AP For college students and college basketball fans, Exam Week is the worst week on the schedule. For students, this week is the culmination of three months worth of procrastination, cliff notes and Wikipedia. For college basketball fans, it’s the lightest week of hoops action we will see all season.
With so very little going on this week in terms of action, the staff at College Basketball Talk is going back to school. Over the next five days, the CBT Staff will be responsible for answering an essay question in one of five different subjects.
Monday’s exam covered sociology. Tuesday’s exam was on psychology.

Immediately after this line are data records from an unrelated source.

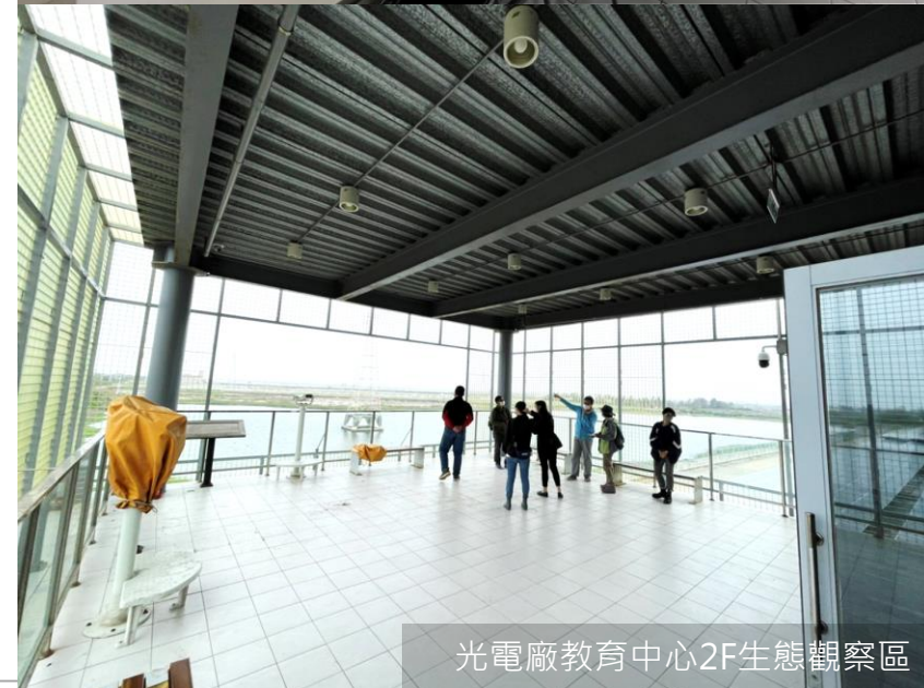
光電廠教育中心2F生態觀察區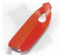
7-890-12 1-764-9 A結びおしぼり入れ 朱 ¥360 (19×5.5×4) 横200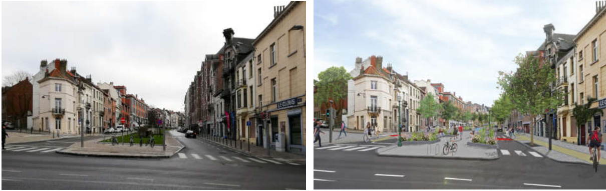
Situation en 2019 et situation projetée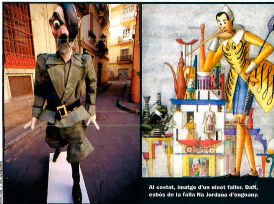
Al costat, imatge d'un ninot faller. Dalt, esbòs de la falla Na Jordana d'enguany.

un cadafal ple de pardals i pardalots. La Falla Vall de Laguar-Pare Ferris (b) és de la secció B, i Josep Puche n'és l'artífex.

Today we have the dreaded math exam.
The use of tempo-free and advanced statistics has become more commonplace in recent years thanks to the work of guys like Ken Pomeroy and Dan Hanner. What is your opinion on the use of advanced statistics as analysis aids. What value do these metrics add to post-game evaluation in your opinion. Please use at least one example of accurate or misleading statistics in your response.
By Rob Dauster
The advent of advanced statistics in college basketball is incredibly useful.
Between Kenpom’s efficiency profiles, the in-depth player and team breakdowns available on Synergy and all of the other sites doing yeoman’s work to try to enlighten us about and dispel myths about our favorite teams, there’s no shortage of data available for a college hoops junky to get their fix.

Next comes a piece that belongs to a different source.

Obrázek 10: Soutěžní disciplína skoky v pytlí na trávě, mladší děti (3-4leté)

The key, however, is understanding how to use that information in concert with what actually happens on a basketball court.
Advanced statistics have really taken off over the last decade in all sports, not just basketball. The most famous case is that of Billy Beane, the Oakland Athletics GM that was the subject of the ‘Moneyball’. He used sabermetric principles to find value in players that others had cast aside, and as a result was able to build the A’s into one of the best teams in baseball despite having one of the lowest payrolls in the league.
But focusing on stats works much better in baseball than it does in hoops because baseball is a game made up of a series of events involving individuals. A pitcher throws a pitch, the hitter swings and puts the ball in play. Lather, rinse, repeat.
Basketball is a much more free-flowing, one that requires five players to work together both offensively and defensively. So much of what happens on the court — Who can execute offense effectively? How well does a team communicate defensively? Is a player a good rebounder because he’s simply bigger and more athletic, or does he understand how to box out? Who is a team’s leader? — doesn’t show up on a stat sheet or a Kenpom page.
The perfect example is the argument involving Marcus Smart.
Smart, a freshman, is Oklahoma State’s starting point guard, a top ten recruit and, thus far, the difference maker for the Cowboys. He’s averaging 13.0 points, 7.4 boards and 5.0 assists for the Pokes, but what he’s done setting a tone defensively and in the locker room is why Travis Ford’s club currently owns wins over Tennessee and NC State. He’s played like an all-american, and was called the best player in the country through the first month of the season by Mike DeCourcy.
DeCourcy doesn’t believe in advanced analytics, however, which is why he’s probably unaware that Smart has an effective field goal percentage of 39.7% — he’s shooting 20.6% from three and 43.9% from two — and an offensive rating of 99.3 (he averages 0.993 points per possession used, which isn’t very good) despite using 28.0% of Oklahoma State’s possessions when he’s on the floor, a very high number. Those ugly numbers are why John Gasaway, one of college basketball’s leading ‘stat nerds’, has Smart ranked as the 14th-best freshman thus far this season.
And, as I wrote yesterday, neither of these gentlemen are right, because you simply cannot ignore a) the effect that Smart’s presence on the floor has had for Oklahoma State this year, or b) just how inefficient Smart has been with the ball in his hands. He may be a great leader, a great defender and a better-than-we-thought creator, but that doesn’t change the fact that he hasn’t shot the ball well at all and he’s turned the ball over far too often.
Advanced statistics are most effective when they are used to help quantify trends that your eyes tell you exist or as a way to determine what to watch for when a certain team takes the floor.
It’s inarguable that understanding efficiency breakdowns and possession-based logs, like Synergy’s database, make you smarter about basketball and what a specific team or player is doing on the court.
But it’s also impossible to use those number correctly without being able to watch a game and understand what is happening and why it happens that way.
The two schools of thought are not mutually exclusive. But if they aren’t used correctly, they are misleading and unnecessary.
Professor’s Notes: I really wanted to give you a bad grade. The rise of #DausterMath gave me little reason to believe that you would be able to handle this question. But you nailed it. Kudos for the use of words like “advent”, “yeoman”, and the ‘Moneyball’ reference was sublime. You were on pace for an A+, but points are being docked for starting a sentence with “And”.